CDOs stuffed with mortgages and their derivatives caused billions in losses around the world during the 2008 crisis. The CDO that StoneCastle put together is a little different. It's backed by subordinated debt issued by about 35 community banks, some of them so small they don't have credit ratings. Subordinated debt is paid off last in a bankruptcy, so issuers typically compensate buyers with higher yields than on other borrowings.

Citigroup Inc., which completed the $250 million deal for New York-based StoneCastle this month, calls it a collateralized loan obligation, but it's a structured security that walks and talks like a CDO. Moody's Investors Service plans to give it a rating of A3, six grades below Aaa, according to people with knowledge of the deal. Bank bonds rated A typically yield 2.5 percent. Through the wonders of financial engineering, StoneCastle's Community Funding CLO yields 5.75 percent.
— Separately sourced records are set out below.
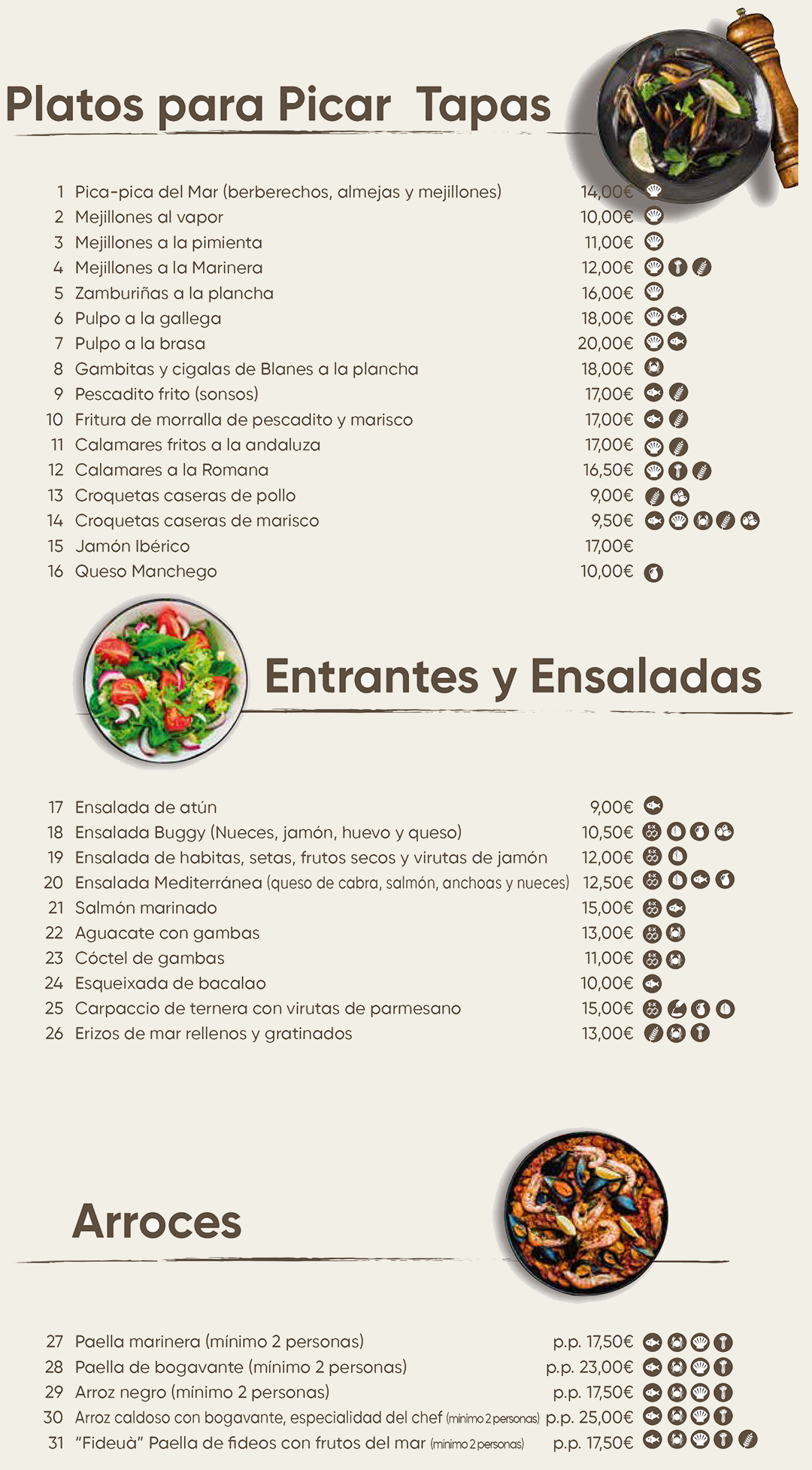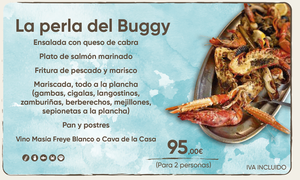 Explora nuestra variada carta de platos, perfecta para compartir o disfrutar en solitario. Te ofrecemos una selección deliciosa de opciones para picar, ensaladas frescas, arroces, carnes, pasta fresca, pizzas, además de pescados y mariscos frescos, sin olvidarnos de la Perla del Buggy ideal para compartir. Cada plato está cuidadosamente preparado con ingredientes de alta calidad para brindarte una experiencia gastronómica. ¡Déjate llevar por la diversidad de sabores y encuentra tu favorito!
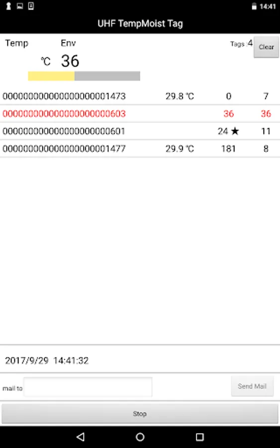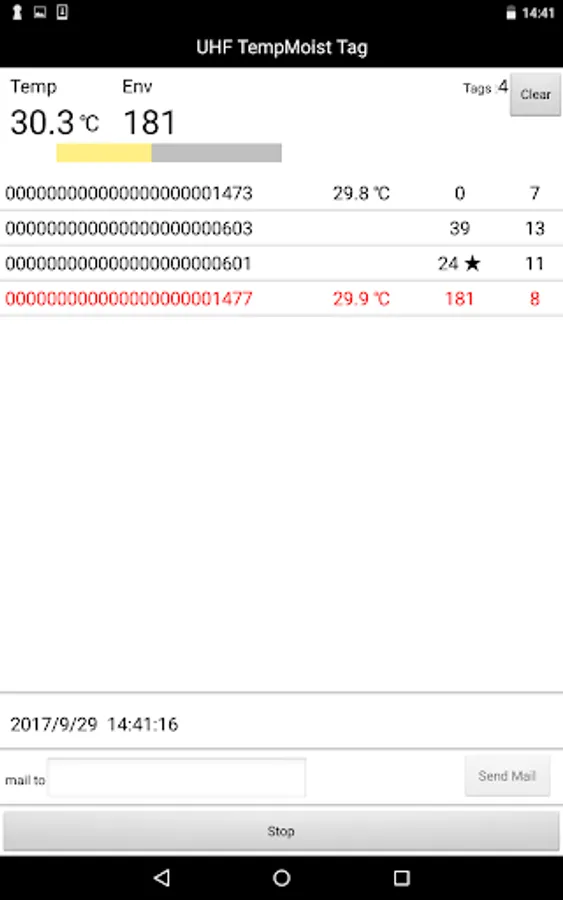 (Temparature/Environment value) and ID(EPC) of RFID sensor tag.
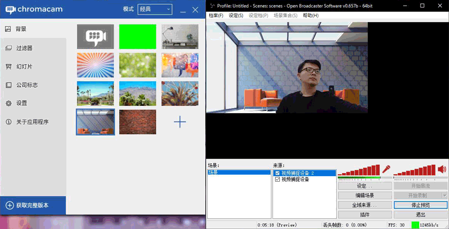 ChromaCam軟件可讓主播在直播時動態更換或者移除主播身后的背景。這一功能由Personify提供技術支持,
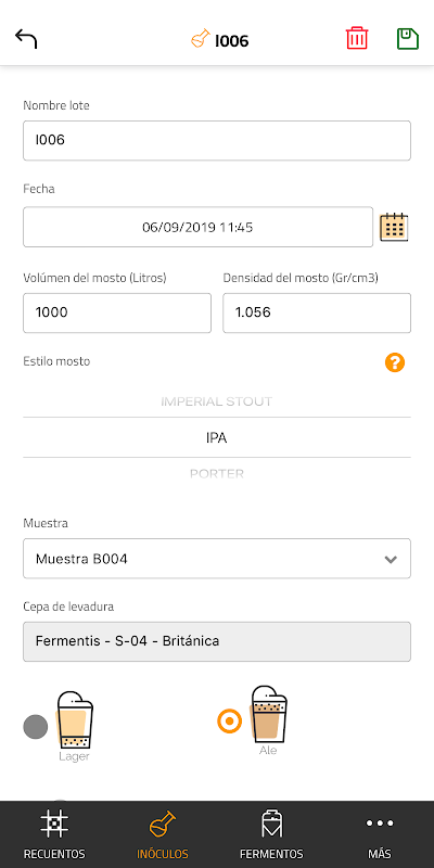 The application allows you to calculate the volume of cream that you have to inoculate in your next batch, as well as keep a record of it. Entering the volume of the batch to be inoculated, the initial density, the inoculum rate and selecting the cream that you are going to use (calculated in the Count section) calculates the volume of cream necessary to have a good fermentation.

"A CDO is just another word for financing," Siegel said in an e-mail. "What matters are what assets are being financed."

This isn't the first time Siegel pooled small-bank debt into a structured financial product. At Salomon Smith Barney in the late 1990s, he proposed bundling banks' trust-preferred securities, a predecessor to subordinated debt, into so-called TruPS CDOs.

Geographic Diversity

In a 2001 research report, Siegel divided the U.S. into five regions and wrote that the geographic diversity of the banks whose TruPS he used -- picking debt from different areas -- would make the CDOs safer.